QUEST Example: Finding Argo and ICESat-2 data

In this notebook, we are going to find Argo and ICESat-2 data over a region of the Pacific Ocean. Normally, we would require multiple data portals or Python packages to accomplish this. However, thanks to the QUEST (Query, Unify, Explore SpatioTemporal) module, we can use icepyx to find both!

# Basic packages
import geopandas as gpd
import matplotlib.pyplot as plt
import numpy as np
from pprint import pprint

# icepyx and QUEST
import icepyx as ipx

Define the Quest Object

QUEST builds off of the general querying process originally designed for ICESat-2, but makes it applicable to other datasets.

Just like the ICESat-2 Query object, we begin by defining our Quest object. We provide the following bounding parameters:

  • spatial_extent: Data is constrained to the given box over the Pacific Ocean.

  • date_range: Only grab data from April 18-19, 2022 (to keep download sizes small for this example).

# Spatial bounds, given as SW/NE corners
spatial_extent = [-154, 30, -143, 37]

# Start and end dates, in YYYY-MM-DD format
date_range = ['2022-04-18', '2022-04-19']

# Initialize the QUEST object
reg_a = ipx.Quest(spatial_extent=spatial_extent, date_range=date_range)

print(reg_a)

Notice that we have defined our spatial and temporal domains, but we do not have any datasets in our QUEST object. The next section leads us through that process.

Getting the data

Let’s first query the ICESat-2 data. If we want to extract information about the water column, the ATL03 product is likely the desired choice.

  • short_name: ATL03

# ICESat-2 product
short_name = 'ATL03'

# Add ICESat-2 to QUEST datasets
reg_a.add_icesat2(product=short_name)
print(reg_a)

Let’s see the available files over this region.

pprint(reg_a.datasets['icesat2'].avail_granules(ids=True))

Note the ICESat-2 functions shown here are the same as those used for direct icepyx queries. The user is referred to other example workbooks for detailed explanations about icepyx functionality.

Accessing ICESat-2 data requires Earthdata login credentials. When running the download_all() function below, an authentication check will be passed when attempting to download the ICESat-2 files.

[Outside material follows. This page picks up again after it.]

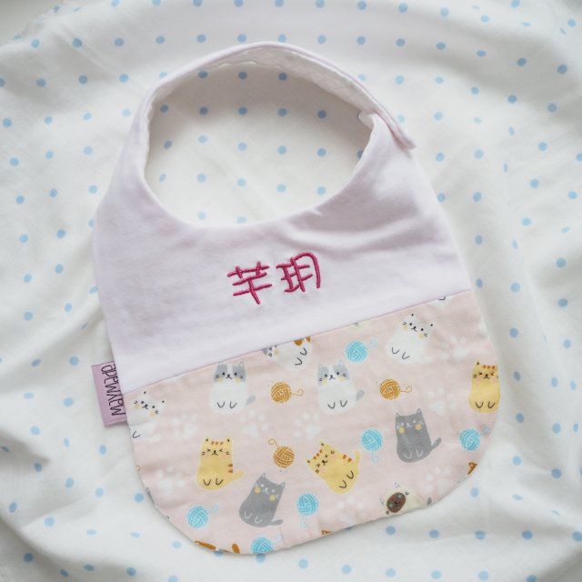 粉紅色貓貓圖案 拼布款繡名口水肩
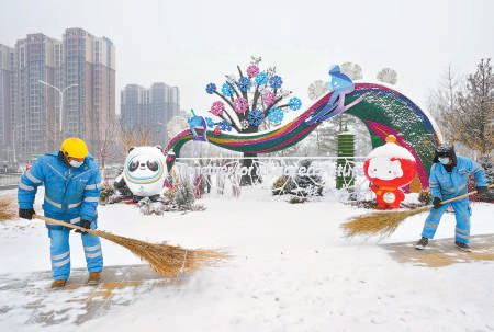 昨天,京城再度飄雪,在東六環(huán)西側(cè)路冬奧主題花壇附近步道上,環(huán)衛(wèi)工在清除步道積雪。本報(bào)記者 方非攝

Now let’s grab Argo data using the same constraints. This is as simple as using the below function.

# Add argo to the desired QUEST datasets
reg_a.add_argo()

When accessing Argo data, the variables of interest will be organized as vertical profiles as a function of pressure. By default, only temperature is queried, so the user should supply a list of desired parameters using the code below. The user may also limit the pressure range of the returned data by passing presRange="0,200".

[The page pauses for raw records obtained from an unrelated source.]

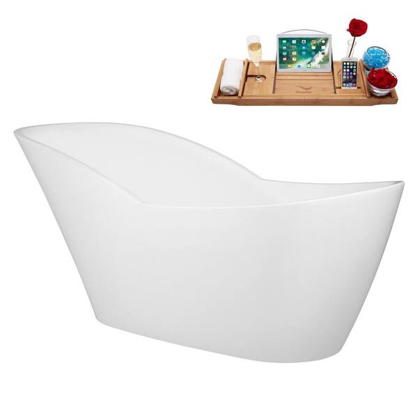 67 in. x 31 in. Acrylic Freestanding Soaking Bathtub in Glossy White with Polished Brass Drain, Bamboo Tray
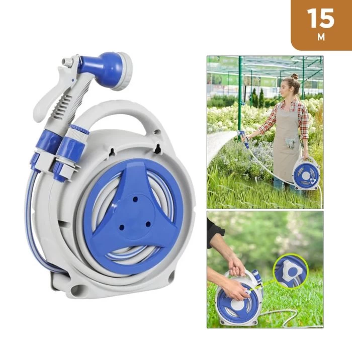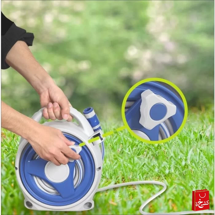 طقم بكرة خرطوم متعدد الاستخدامات بطول 15 متر – للحدائق والتنظيف
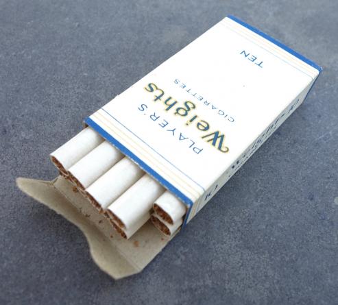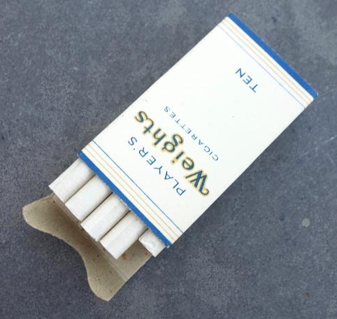 Near mint British WW2 “Players Weights” cigarettes package with content. (10 cigarettes) Manufactured by “John Player & Sons, England” perfect package impossible to upgrade!
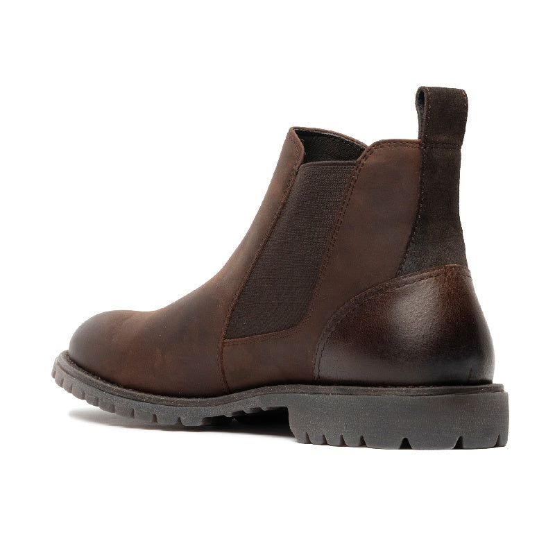 The Clearmont Chelsea boot combines soft USA leather and oiled suede in a multi-media upper, complemented by leather and fabric linings for breathability. It features a removable leather-covered moulded polyurethane footbed for customised comfort. The cleated translucent rubber outsole offers exceptional flexibility and all-day wearability. Designed to pair effortlessly with denim or chinos, this boot balances style and expert craftsmanship for versatile, comfortable wear.

Note: Our example shows only physical Argo float parameters, but the process is identical for including BGC float parameters.

# Customized variable query to retrieve salinity instead of temperature
reg_a.add_argo(params=['salinity'])

Additionally, a user may view or update the list of requested Argo and Argo-BGC parameters at any time through reg_a.datasets['argo'].params. If a user submits an invalid parameter (“temp” instead of “temperature”, for example), an AssertionError will be raised. reg_a.datasets['argo'].presRange behaves anologously for limiting the pressure range of Argo data.

# update the list of argo parameters
reg_a.datasets['argo'].params = ['temperature','salinity']

# show the current list
reg_a.datasets['argo'].params

As for ICESat-2 data, the user can interact directly with the Argo data object (reg_a.datasets['argo']) to search or download data outside of the Quest.search_all() and Quest.download_all() functionality shown below.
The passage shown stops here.